Impact of ferroelectric nonlinearity and correlation effects on nanodomain formation

TL;DR

This paper analytically investigates how ferroelectric nonlinearity and correlation effects influence nanodomain shapes and formation thresholds under a biased scanning probe, aligning with experimental observations.

Contribution

It introduces an analytical model combining variational and thermodynamic approaches to describe nanodomain formation considering nonlinear and correlation effects.

Findings

Nanodomain shape can be oblate or prolate depending on nonlinearity.

Domain aspect ratio aligns with dielectric anisotropy.

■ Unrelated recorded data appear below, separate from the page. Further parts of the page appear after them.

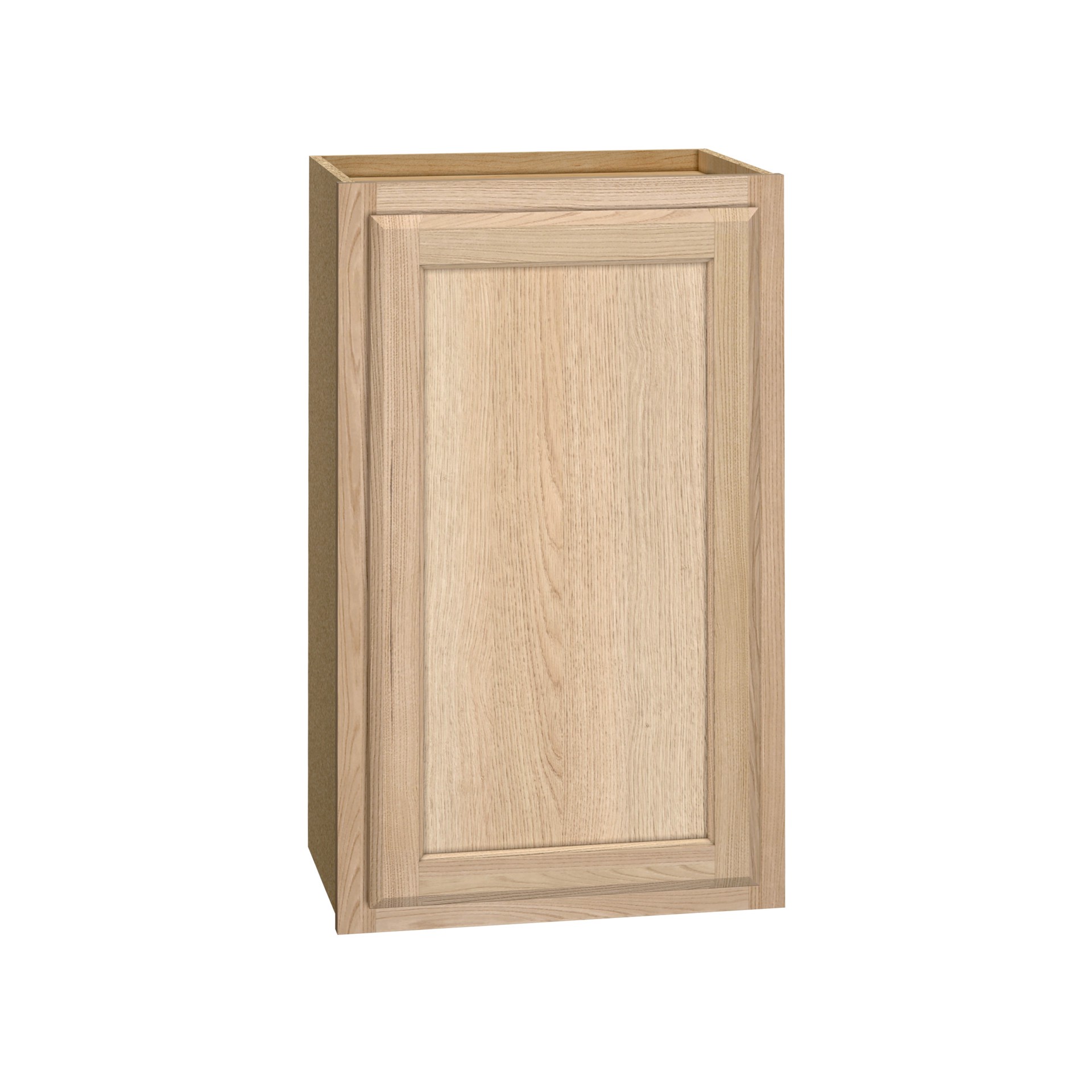 Project Source Oak Brook 18-in W x 30-in H x 12-in D Natural Unfinished Oak Wall Fully Assembled Cabinet Flat Panel Square
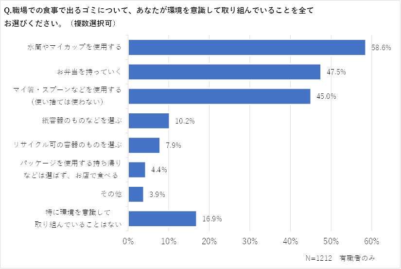 ・職場の食事で出るゴミ削減への取り組みは「水筒やマイカップ」「お弁当持参」「マイ箸・マイスプーン」
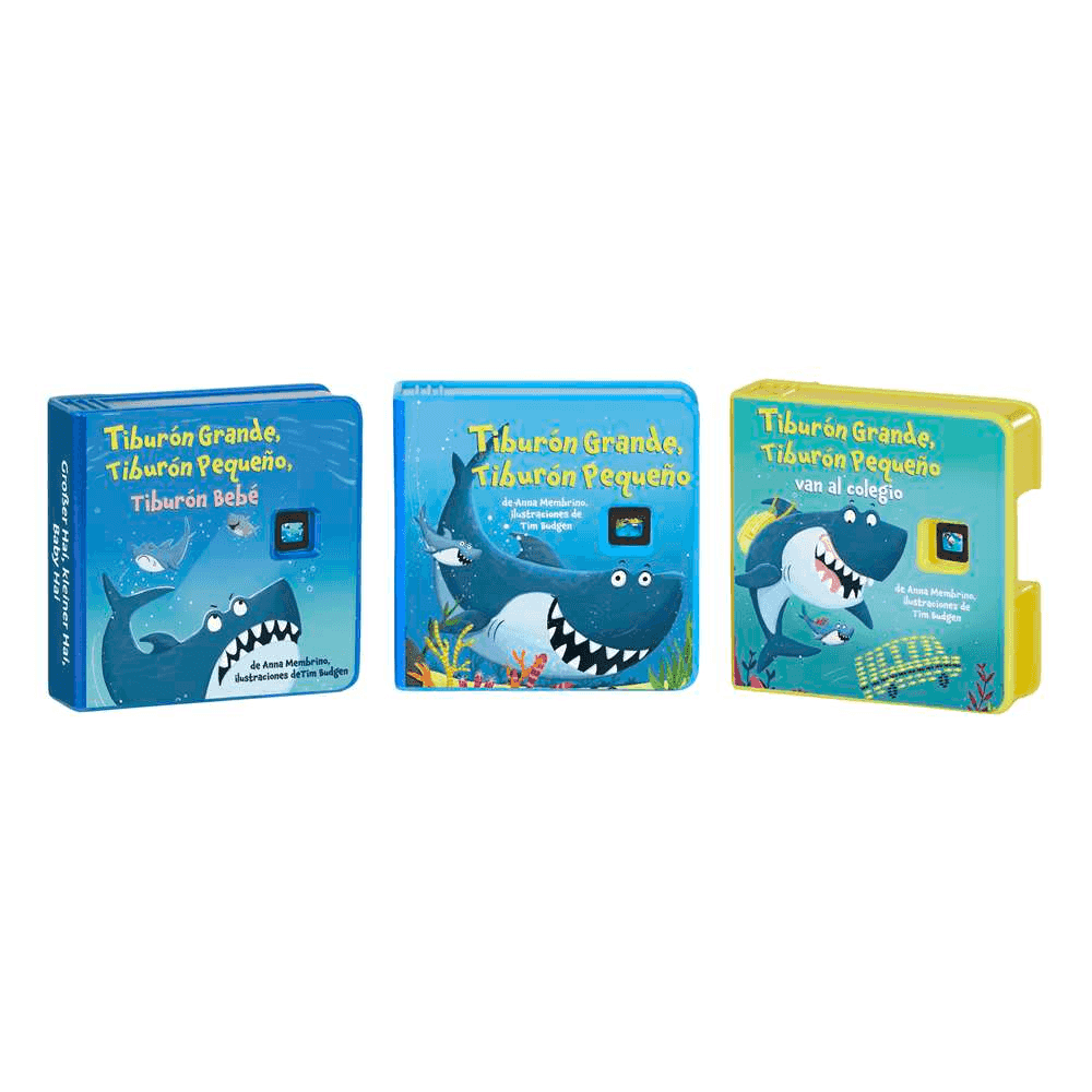 El set incluye además una figura de tiburón que se coloca en la parte superior del dispositivo. Al hacerlo, se activan efectos especiales de luz y sonido que hacen que la experiencia del cuento sea aún más divertida.

Coercive biases match experimental data.

Abstract

Using direct variational method with 2-parametric trial function and Landau-Ginzburg-Devonshire thermodynamical approach, we derived analytical expressions for polarization spatial redistribution in the ferroelectrics caused by the biased Scanning Probe Microscope probe. We demonstrate that the shape of nanodomain induced by the probe electric field can be either oblate or prolate depending on the ferroelectric nonlinearity strength. For typical ferroelectric material parameters and probe apex geometry the domain nucleus aspect ratio is close to dielectric anisotropy factor. Corresponding coercive biases of a stable domain formation are in reasonable agreement with available experimental results. Spike-like domains typical for Landauer-Molotskii rigid approach appear in the considered case only when depolarization field energy contribution strongly dominates over the nonlinear correlation and field effects and domain wall energy.